■ **EXERCISE DETAILS**
For every record, give an exact copy that has no pictures in it.

Entries taken from a collection
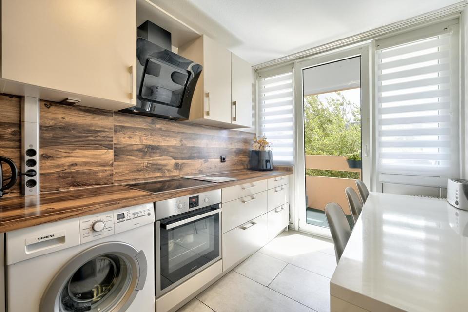 Wohnkomfort zum Verlieben: Die Wohnung strahlt Wärme aus – dank hochwertiger Ausstattung, moderner Laminatböden in den Wohnbereichen und neuen Fliesen in der Küche und gefliestes Bad und WC. Die Doppel-Isolierverglasung sorgt für ruhige Nächte und entspannte Tage, selbst in einer gut frequentierten Umgebung. Ein persönlicher Abstellraum in der Wohnung, ein Gemeinschaftswaschraum und ein eigener Fahrradkeller runden den praktischen Komfort ab.
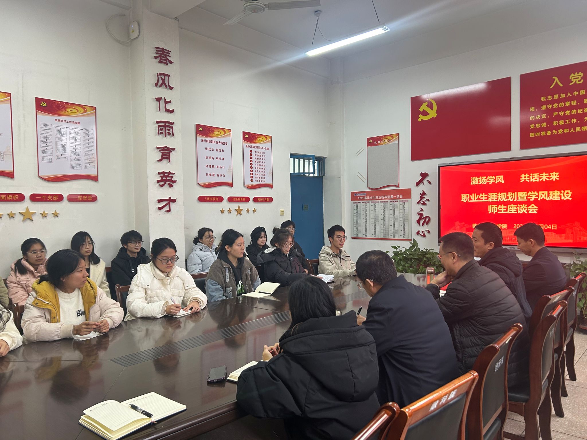 会上,学生代表积极发言,分享了自己的学业规划、职业目标,以及目前在学习、生活、未来人生规划上存在的困惑和想法。与会领导老师对于同学们提出的问题一一耐心解答并给予具体建议。
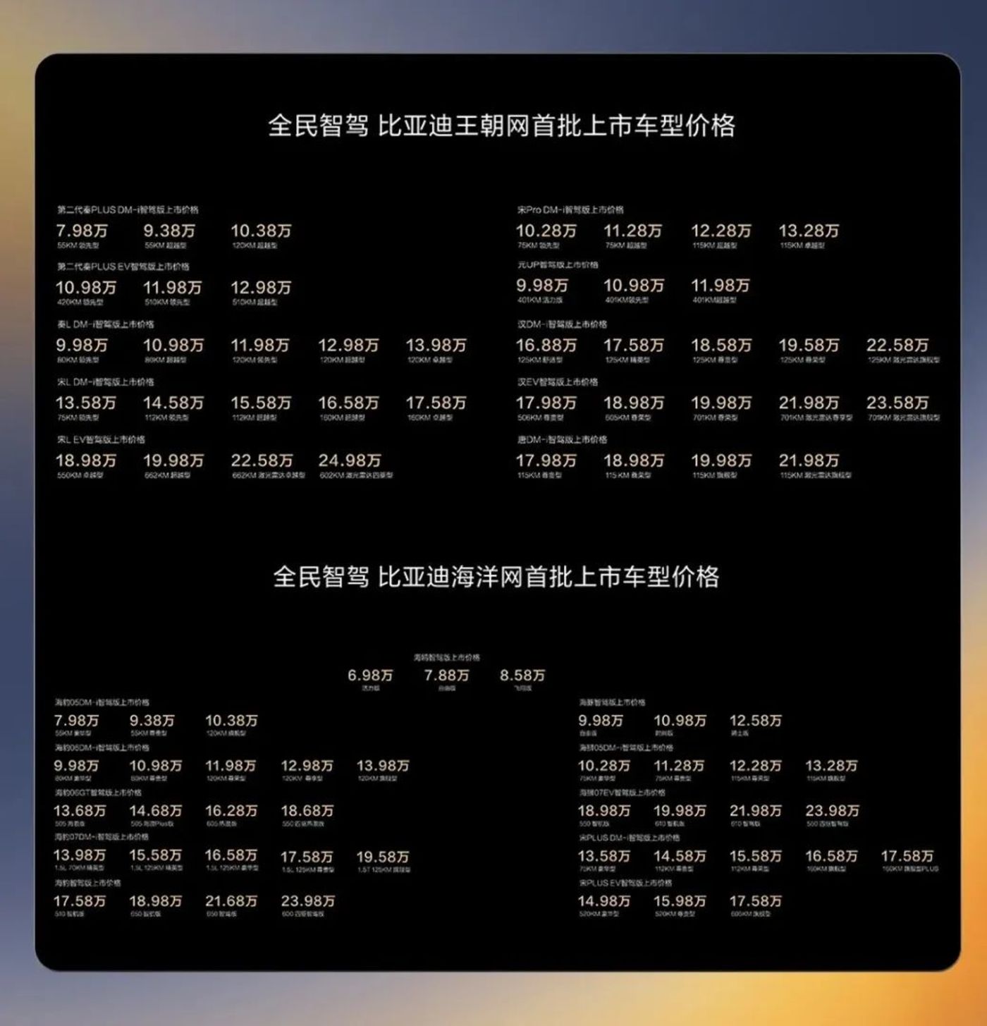 “王朝“与“海洋“两大系列智驾升级价格图,图源比亚迪官方微信公众号
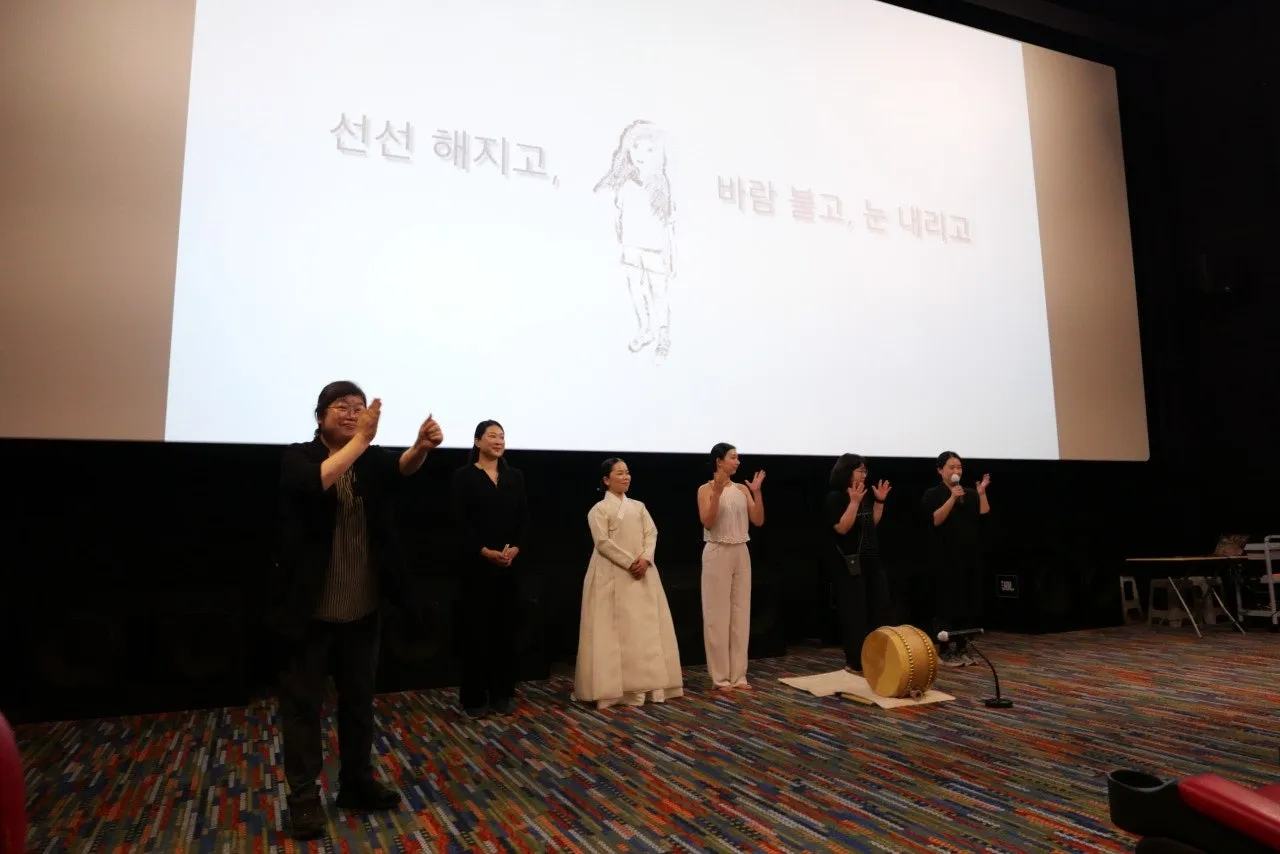 댄스x국악 공연 중에도 우리가 의도한 것과 다른 상황이 발생했다. 계절의 변화를 소리북과 춤으로 표현하되 가사가 있는 노래가 아니니 간단한 문장으로 상황을 설명하고 그를 현장에서 낭독하기로 했었다. 소리북의 진동과 댄서의 몸짓은 들리지 않는 사람에게도 충분히 감동을 줄 수 있었다. 그러나 우리가 ‘간단하게’ 작성한 한국어 문장은 여전히 수어 통역이 필요한 청인의 언어였다.
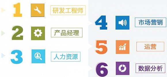 当前互联网行业最为热门的六大职位分别是研发工程师、产品经理、人力资源、市场营销、运营和数据分析。
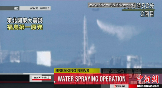 日本防衛(wèi)省17日表示,陸上自衛(wèi)隊的兩架直升機已開始向福島第一核電站三號機組注水。據(jù)NHK電視臺報道,當?shù)貢r間17日上午11時01分左右,自衛(wèi)隊兩架直升機開始對第一核電站三號機組開始注水作業(yè)。這樣的注水作業(yè)據(jù)信已進行了至少四次。圖為直升機向福島第一核電站三號機組注水過程的電視截圖。

■ **SOLUTION TO THE EXERCISE**
 Wohnkomfort zum Verlieben: Die Wohnung strahlt Wärme aus – dank hochwertiger Ausstattung, moderner Laminatböden in den Wohnbereichen und neuen Fliesen in der Küche und gefliestes Bad und WC. Die Doppel-Isolierverglasung sorgt für ruhige Nächte und entspannte Tage, selbst in einer gut frequentierten Umgebung. Ein persönlicher Abstellraum in der Wohnung, ein Gemeinschaftswaschraum und ein eigener Fahrradkeller runden den praktischen Komfort ab.
 会上,学生代表积极发言,分享了自己的学业规划、职业目标,以及目前在学习、生活、未来人生规划上存在的困惑和想法。与会领导老师对于同学们提出的问题一一耐心解答并给予具体建议。
 “王朝“与“海洋“两大系列智驾升级价格图,图源比亚迪官方微信公众号
 댄스x국악 공연 중에도 우리가 의도한 것과 다른 상황이 발생했다. 계절의 변화를 소리북과 춤으로 표현하되 가사가 있는 노래가 아니니 간단한 문장으로 상황을 설명하고 그를 현장에서 낭독하기로 했었다. 소리북의 진동과 댄서의 몸짓은 들리지 않는 사람에게도 충분히 감동을 줄 수 있었다. 그러나 우리가 ‘간단하게’ 작성한 한국어 문장은 여전히 수어 통역이 필요한 청인의 언어였다.
 当前互联网行业最为热门的六大职位分别是研发工程师、产品经理、人力资源、市场营销、运营和数据分析。
 日本防衛(wèi)省17日表示,陸上自衛(wèi)隊的兩架直升機已開始向福島第一核電站三號機組注水。據(jù)NHK電視臺報道,當?shù)貢r間17日上午11時01分左右,自衛(wèi)隊兩架直升機開始對第一核電站三號機組開始注水作業(yè)。這樣的注水作業(yè)據(jù)信已進行了至少四次。圖為直升機向福島第一核電站三號機組注水過程的電視截圖。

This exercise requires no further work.